Wednesday, December 05, 2007
December 5 is Repeal Day, the day the odious 18th Amendment was repealed by the 21st Amendment. Tonight, in the midst of grading papers, I will celebrate by mixing a Roosevelt. FDR is not my favorite president, but for this he deserves credit.
Prohibition was perhaps the most foolish and failed political experiment in American political history (unless you count electing Jimmy Carter, I guess). A high-minded attempt to force everyone to conform to the standards of a bunch of early health fascists, it failed as it deserved to, and cast violaters of the law of the land (almost everyone) as heroes, with effects on American's attitude toward law down to today. Remember that when someone wants to ban smoking, or when you look at the regrettable legal results of the war on drugs. These things don't work, and cast the law in disrepute.
But this is a blog on medieval and SCA topics, and I try not to stray too far, so let's examine a related topic that is at least a little closer. I have coveted for some time a bottle of Rothman and Winter creme de violette, an old liqueur made from Alpine violets and an ingredient in some European confections and in some old cocktails. It just came back on the market in the US again, but is not distributed in Michigan. Finding a distributor who carried it, had it in stock and would ship to Michigan all at the same time was fairly difficult, but it came today, along with a bottle of Chartreuse, the famous herbal liqueur made by Carthusian monks. Chartreuse is generally available in Michigan, but with the dollar-euro exchange rate highly unfavorable right now, is quite expensive. It too is an ingredient in quite a few old cocktails.

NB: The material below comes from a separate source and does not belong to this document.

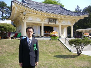 修得寺にて朴さん、盛本、若林両県議と。 |
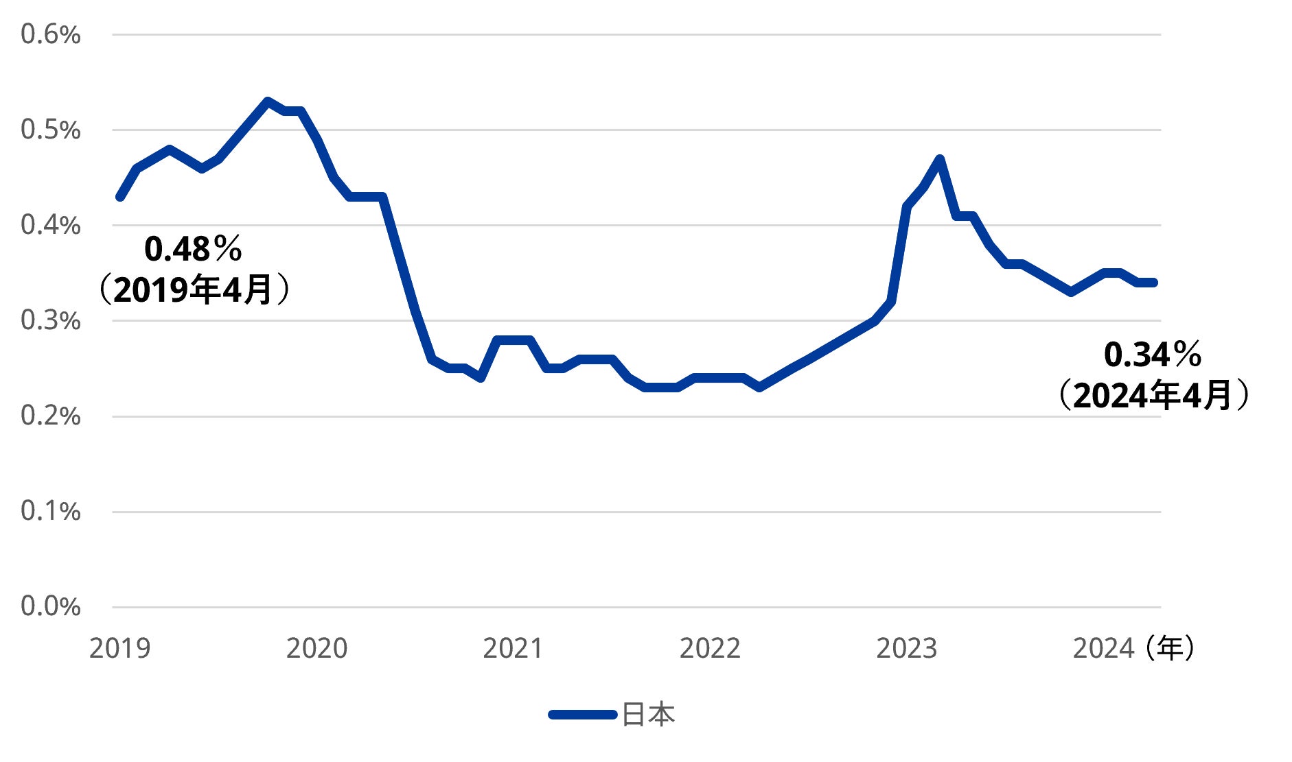 「海外から日本」への仕事検索割合はコロナ禍を経て回復傾向であるものの、コロナ禍前の水準を下回っています。Indeed上の日本の全仕事検索に占める海外からの仕事検索割合は、2019年4月は0.48%であったのに対し、2024年4月は0.34%と、約3割(29.2%)減少しています。

Liqueurs of this type have a long history, certainly reaching back to the end of the Middle Ages or before. It is too much to imagine that either of these are based on recipes quite that old, but Chartreuse is made from a secret recipe (although hyssop is widely suspected) of 130 Alpine herbs and is said to be based on a 1605 formula. Creme de violette is probably not so old, although it was made in the 19th century and was once very popular. Creme Yvette was the American version, but ceased production many years ago after highballs, the ubiquitous dry martini and various vodka drinks pretty much drove the old cocktail "up" and usually made with fresh fruit juices out of style. Certainly there is no reasons to suppose there wasn't something similar by the Renaissance.
So raise a glass tonight in honor of Repeal Day and the return of common sense to these shores, once benighted by Prohibition!